Start of Block
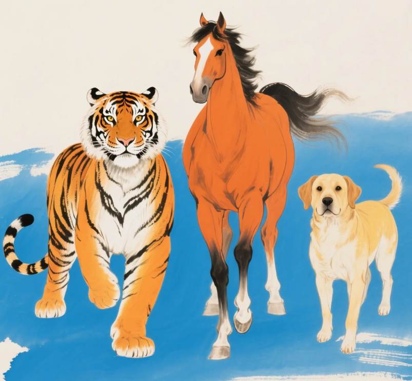另一組「寅午戌」三合火局(虎、馬、狗)則象徵熱情與行動力,五行「火」利于拓展人際、提升職場能見度,適合靠業務、專業技術或升遷加薪的家庭。屬虎者具領導魄力,屬馬者執行力強,屬狗者忠誠可靠,三者結合能帶動穩定正財。
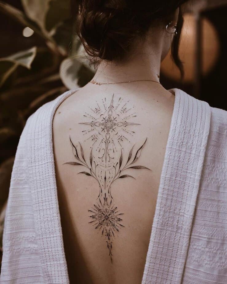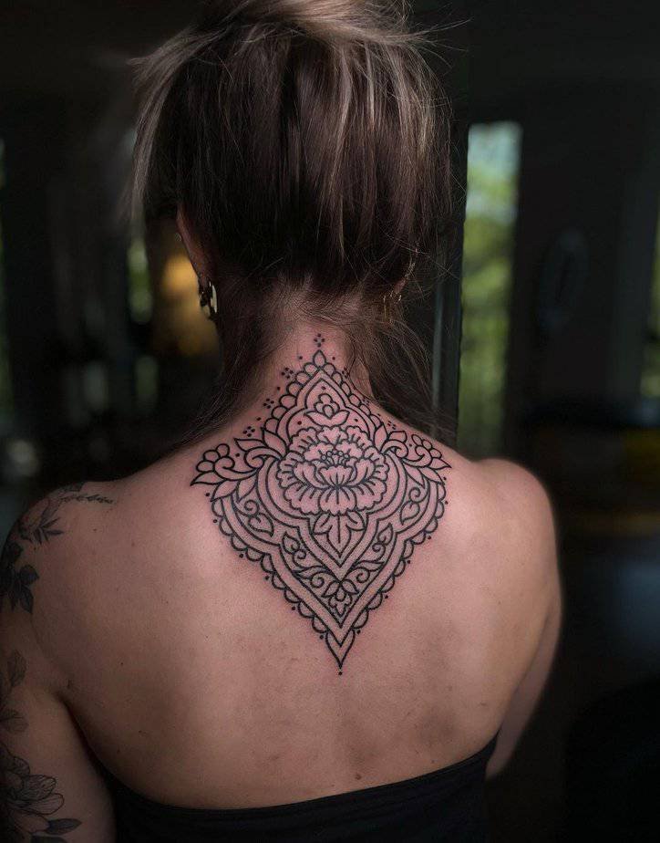 Ornamental tattoos are one of my favorite ways to decorate the trap area because they’re more about beauty than a literal message. You can arrange little ornaments around your shoulders and neck, let them follow the curve of your back, and end up with something that feels custom-made for your body. It’s less about shouting meaning and more about how the pieces move with you — which is kind of the whole point, right?
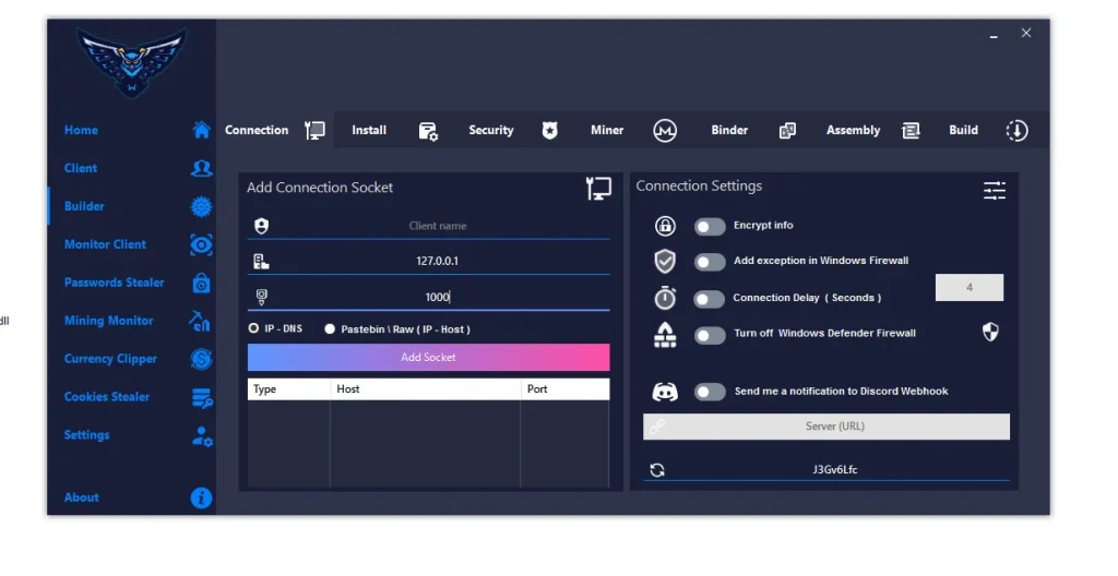 This feature allows attackers to manually configure IP addresses and ports to establish direct communication with infected machines. It ensures stable control even in restricted networks.
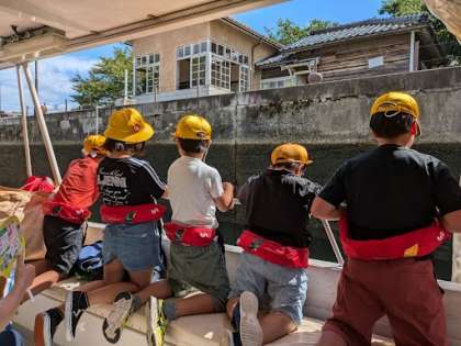 中島閘門は扉の開閉で上流と下流の水位差を調節する水のエレベーターです。自分たちの船の位置が低くなって、周りの壁がどんどん高くなっていきます。
End of Block
ACTION ITEM: Everything in the material goes into the copy exactly, except the images.

RESPONSE TO THE TASK:
另一組「寅午戌」三合火局(虎、馬、狗)則象徵熱情與行動力,五行「火」利于拓展人際、提升職場能見度,適合靠業務、專業技術或升遷加薪的家庭。屬虎者具領導魄力,屬馬者執行力強,屬狗者忠誠可靠,三者結合能帶動穩定正財。
 Ornamental tattoos are one of my favorite ways to decorate the trap area because they’re more about beauty than a literal message. You can arrange little ornaments around your shoulders and neck, let them follow the curve of your back, and end up with something that feels custom-made for your body. It’s less about shouting meaning and more about how the pieces move with you — which is kind of the whole point, right?
 This feature allows attackers to manually configure IP addresses and ports to establish direct communication with infected machines. It ensures stable control even in restricted networks.
 中島閘門は扉の開閉で上流と下流の水位差を調節する水のエレベーターです。自分たちの船の位置が低くなって、周りの壁がどんどん高くなっていきます。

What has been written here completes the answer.